■ Task requirements ■
Please make an exact transcription of the records, keeping the pictures out of it.

Stored items from a collection
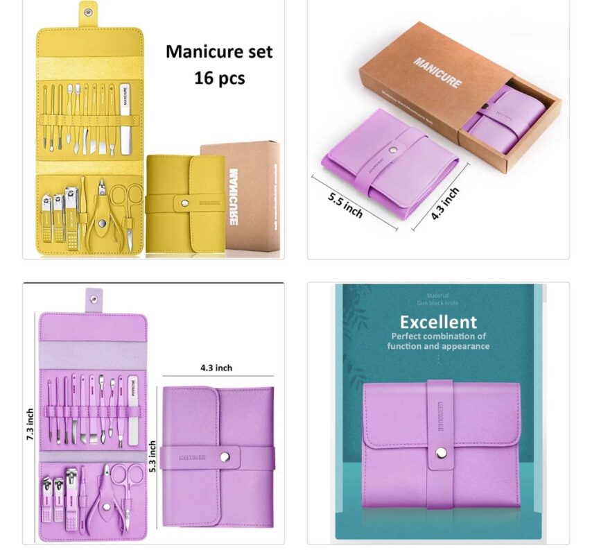 16PCS STAINLESS STEEL FULL-FUNCTION PEDICURE / MANICURE SET WITH LEATHER CASE
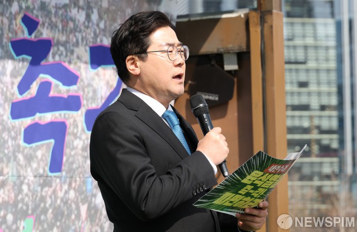 [서울=뉴스핌] 정일구 기자 = 박찬대 더불어민주당 원내대표가 17일 오후 서울 종로구 광화문광장에서 열린 윤석열 즉각 파면 촉구 각계 긴급시국선언 기자회견에서 발언하고 있다. 2025.03.17 mironj19@newspim.com
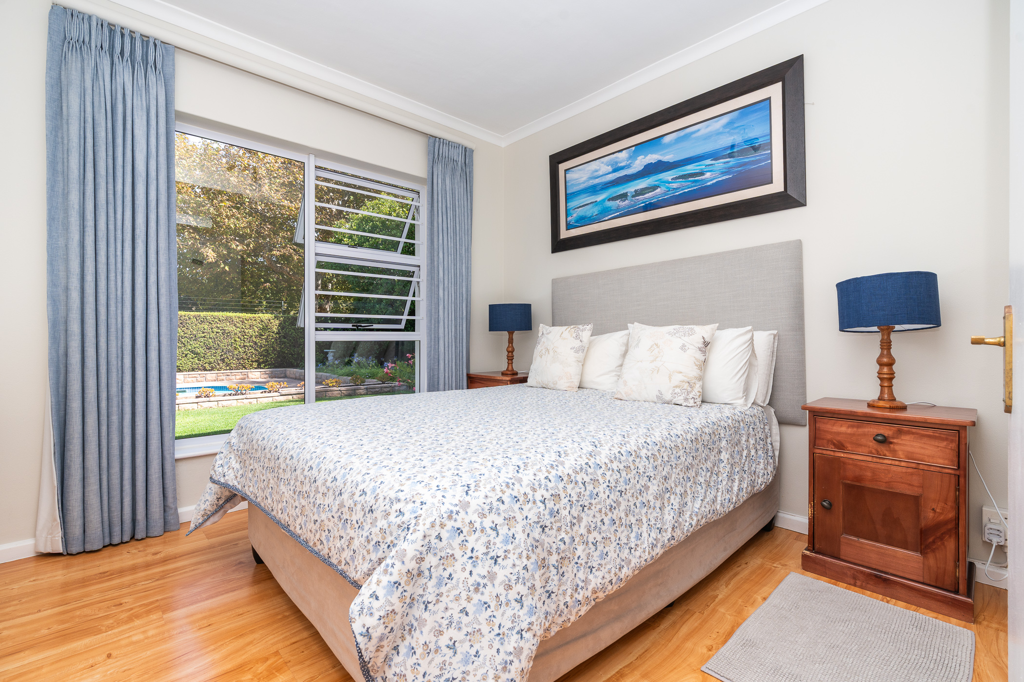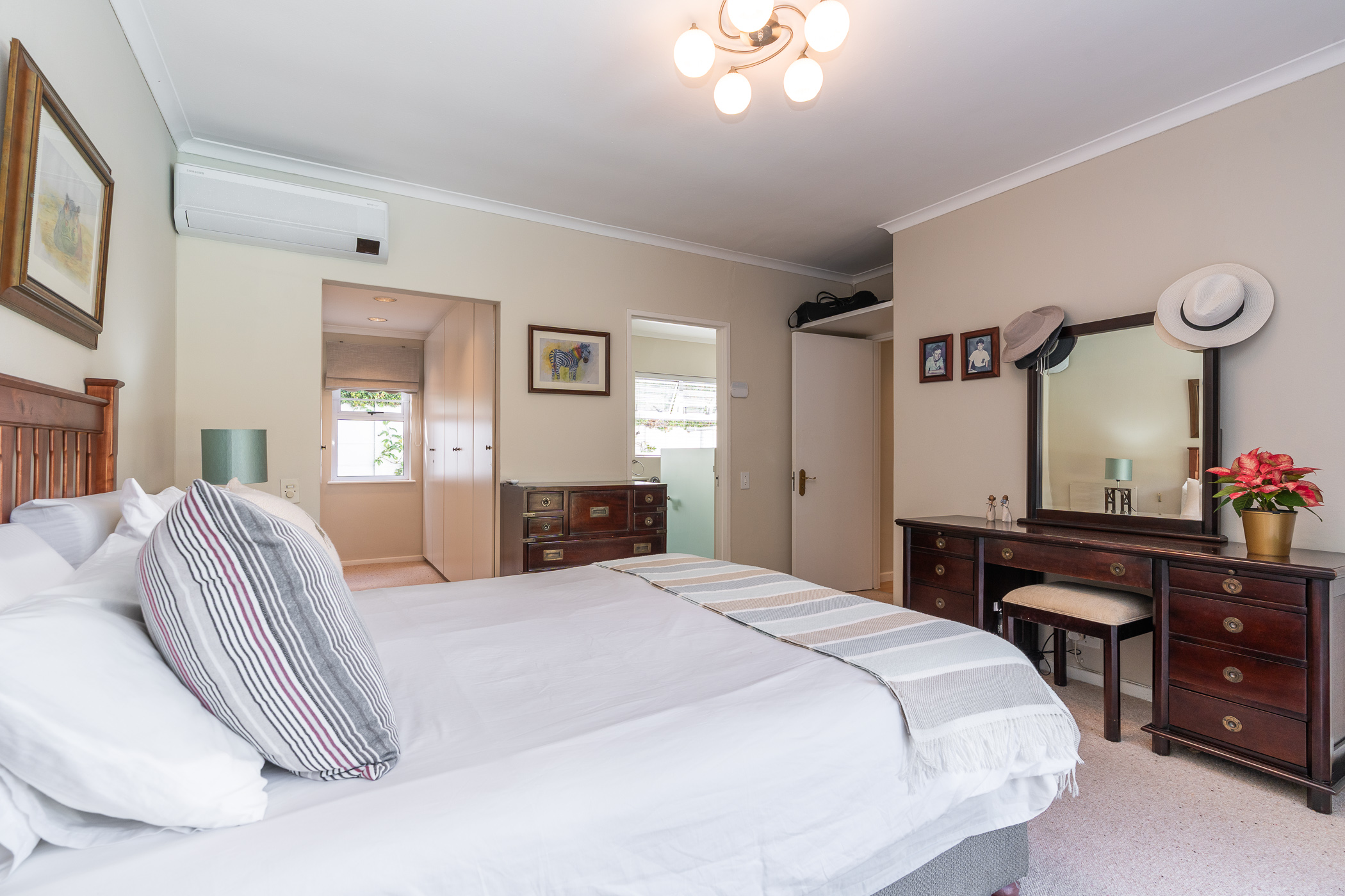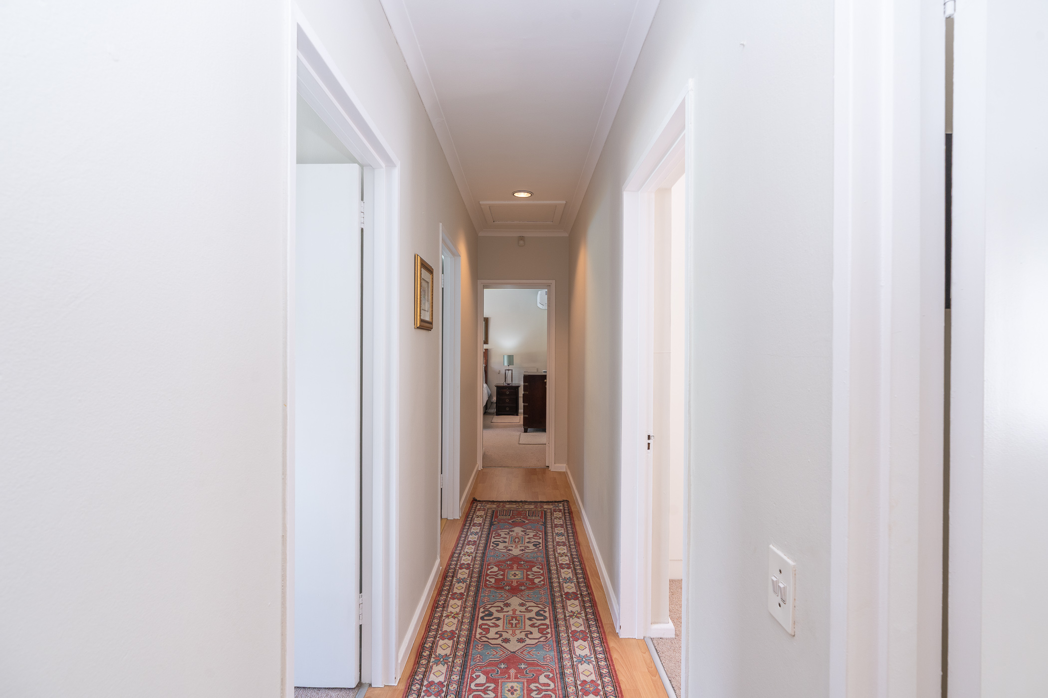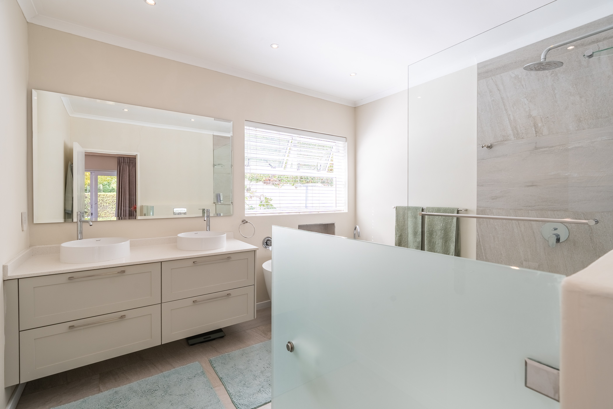 The bedroom wing consists of 4 bedrooms, 3 of which look onto the garden, and the main enjoys direct access through French doors. All 4 bedrooms have built-in cupboards. The main bedroom has an aircon, walk-in closet, and gorgeous modern bathroom with double vanity, egg tub, and large shower. Two more aircons (all digital inverter types) in two of the bedrooms. One of our favourite additional spaces is the pyjama lounge/winter room (with Morso fireplace) that sits between the garage and formal lounge – and also enjoys direct access to the garden. Extras include direct access to the greenbelt through a pedestrian gate, aluminium windows and doors throughout, rainwater/greywater system, and first class security.
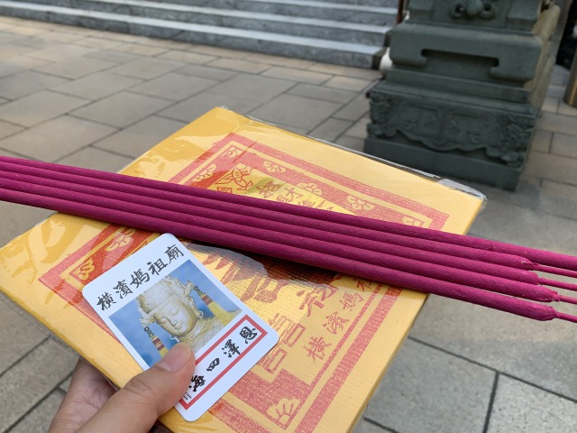 金紙と線香を持って、神殿に移動します。内部に入り、媽祖様へ金紙を供えます。お線香に火をつけてもらい、1~5の順番に香炉を回ってそれぞれに手向けます。
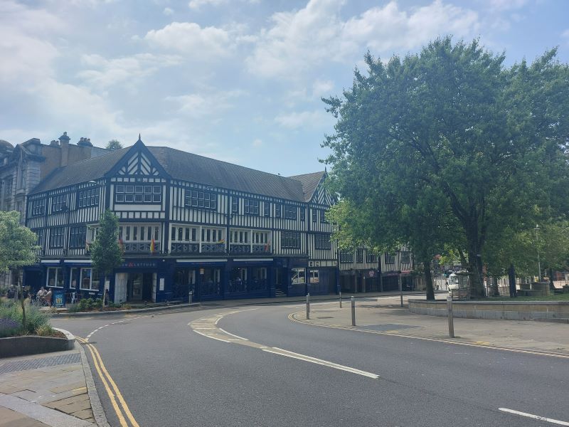 Om du istället vill fortsätta in i stadskärnan med sina butiker så tar du höger och korsar torget vid det stora korsvirkeshuset. Både torget och det som följer är en betongdjungel full av köpcentra och detta beror på att staden bombades under tre februaridagar 1941 på grund av sin industrihistoria och hamnen. Hela dagens torg var bebyggt med Ben Evans gigantiska varuhus i ett pampigt, vackert hus från 1894 innan kriget men lämnades öppet efteråt och är sedan 1990-talet en mötesplats.
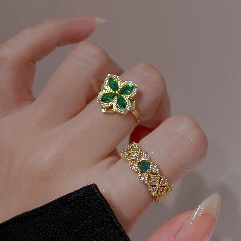 Rotatable Four-Leaf Clover Ring Tiktok Index Finger Ring European and American Emerald Gemstone Retro Palace Style Open Ring
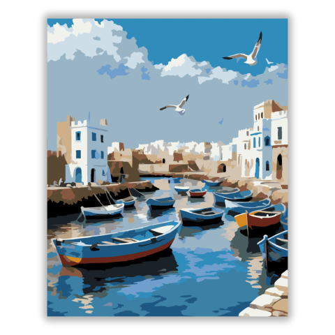 1 kép Számfestő.hu Essaouira Kikötője Kék Halászhajókkal - számfestő készlet
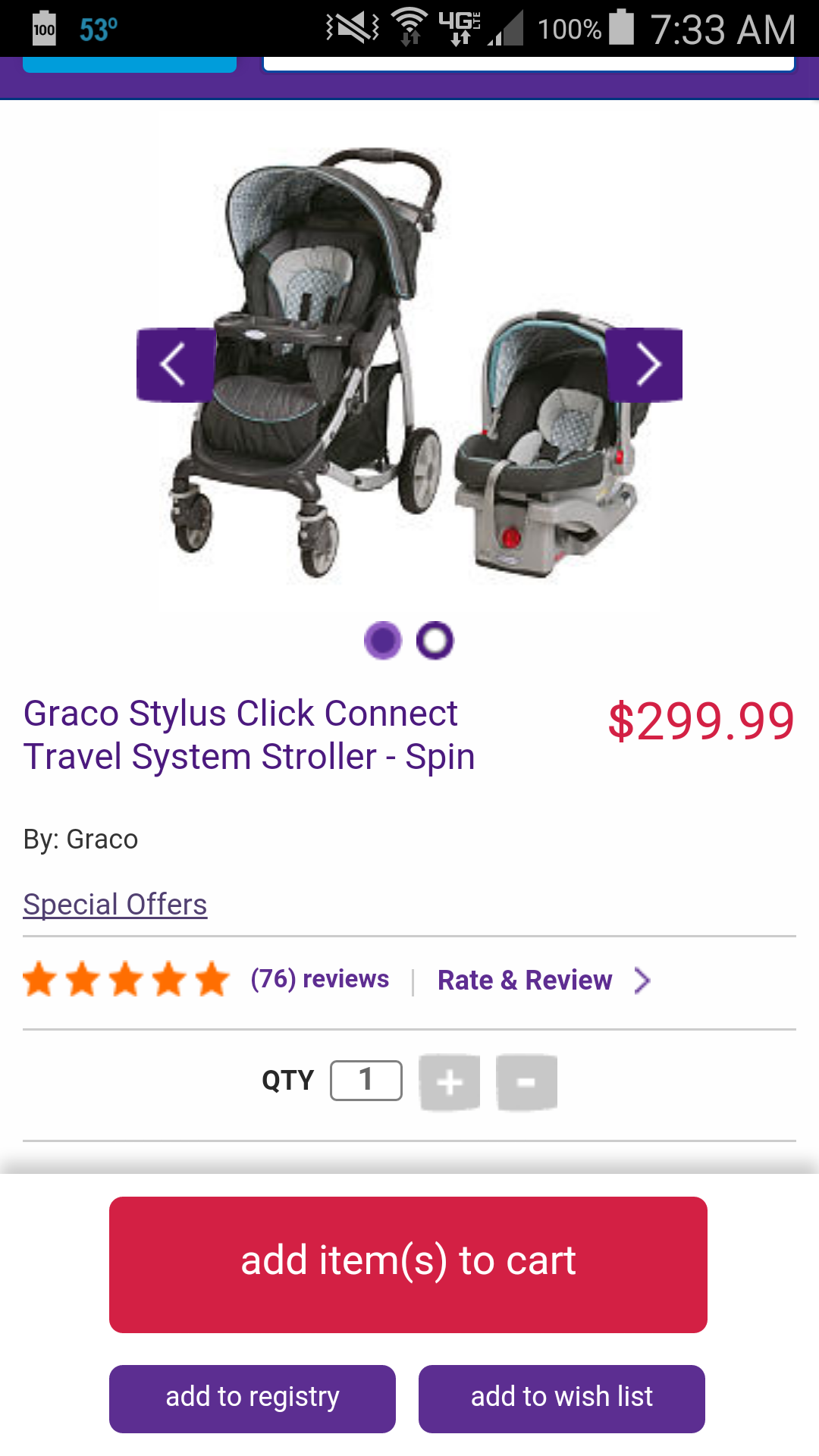 We were at target just looking (my mother and I) and they had about 10 different floor models out with all different price points I was able to push, lift, and test all of them. I definitely wanted a travel system and I ended up going with the Britax B Agile since it was the first one I really loved, came in all black and couldn't find one I liked better. It's now on my registry with two extra car seat bottoms for DH and my mom.

■ Exercise output ■
 16PCS STAINLESS STEEL FULL-FUNCTION PEDICURE / MANICURE SET WITH LEATHER CASE
 [서울=뉴스핌] 정일구 기자 = 박찬대 더불어민주당 원내대표가 17일 오후 서울 종로구 광화문광장에서 열린 윤석열 즉각 파면 촉구 각계 긴급시국선언 기자회견에서 발언하고 있다. 2025.03.17 mironj19@newspim.com
 The bedroom wing consists of 4 bedrooms, 3 of which look onto the garden, and the main enjoys direct access through French doors. All 4 bedrooms have built-in cupboards. The main bedroom has an aircon, walk-in closet, and gorgeous modern bathroom with double vanity, egg tub, and large shower. Two more aircons (all digital inverter types) in two of the bedrooms. One of our favourite additional spaces is the pyjama lounge/winter room (with Morso fireplace) that sits between the garage and formal lounge – and also enjoys direct access to the garden. Extras include direct access to the greenbelt through a pedestrian gate, aluminium windows and doors throughout, rainwater/greywater system, and first class security.
 金紙と線香を持って、神殿に移動します。内部に入り、媽祖様へ金紙を供えます。お線香に火をつけてもらい、1~5の順番に香炉を回ってそれぞれに手向けます。
 Om du istället vill fortsätta in i stadskärnan med sina butiker så tar du höger och korsar torget vid det stora korsvirkeshuset. Både torget och det som följer är en betongdjungel full av köpcentra och detta beror på att staden bombades under tre februaridagar 1941 på grund av sin industrihistoria och hamnen. Hela dagens torg var bebyggt med Ben Evans gigantiska varuhus i ett pampigt, vackert hus från 1894 innan kriget men lämnades öppet efteråt och är sedan 1990-talet en mötesplats.
 Rotatable Four-Leaf Clover Ring Tiktok Index Finger Ring European and American Emerald Gemstone Retro Palace Style Open Ring
 1 kép Számfestő.hu Essaouira Kikötője Kék Halászhajókkal - számfestő készlet
 We were at target just looking (my mother and I) and they had about 10 different floor models out with all different price points I was able to push, lift, and test all of them. I definitely wanted a travel system and I ended up going with the Britax B Agile since it was the first one I really loved, came in all black and couldn't find one I liked better. It's now on my registry with two extra car seat bottoms for DH and my mom.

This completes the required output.